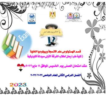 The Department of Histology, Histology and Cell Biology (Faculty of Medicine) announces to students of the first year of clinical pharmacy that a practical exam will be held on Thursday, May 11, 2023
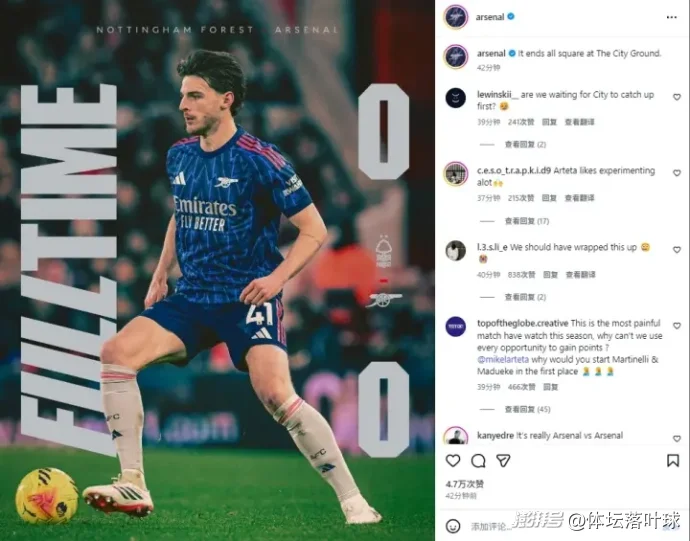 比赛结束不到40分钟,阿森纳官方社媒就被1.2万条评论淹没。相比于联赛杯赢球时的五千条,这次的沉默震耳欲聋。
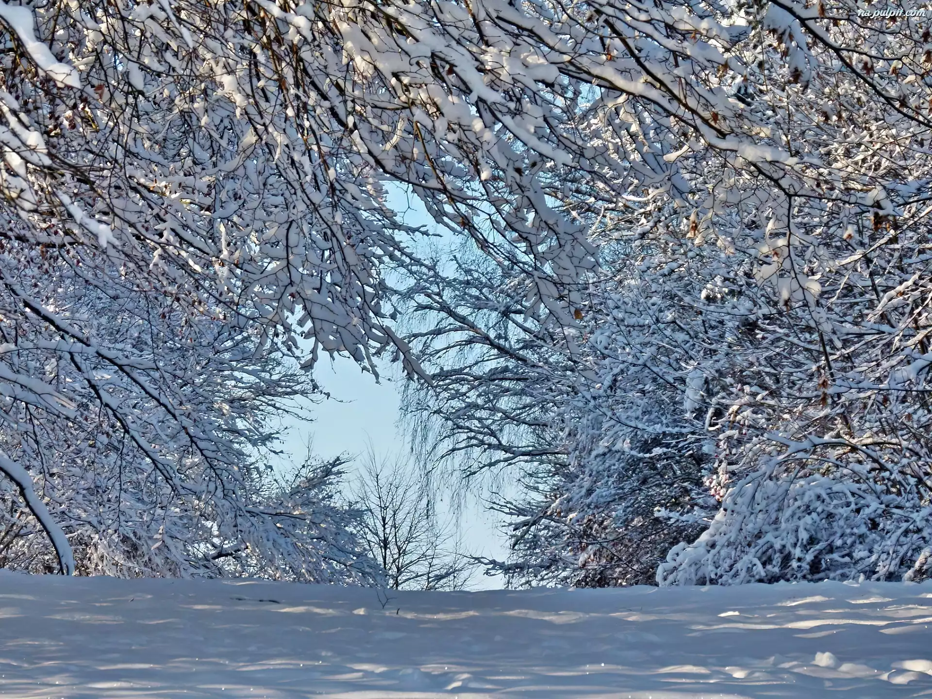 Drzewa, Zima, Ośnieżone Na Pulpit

-*-

Task requirements: With the images excluded, reproduce the data above precisely as written.

Response to this task:
 The Department of Histology, Histology and Cell Biology (Faculty of Medicine) announces to students of the first year of clinical pharmacy that a practical exam will be held on Thursday, May 11, 2023
 比赛结束不到40分钟,阿森纳官方社媒就被1.2万条评论淹没。相比于联赛杯赢球时的五千条,这次的沉默震耳欲聋。
 Drzewa, Zima, Ośnieżone Na Pulpit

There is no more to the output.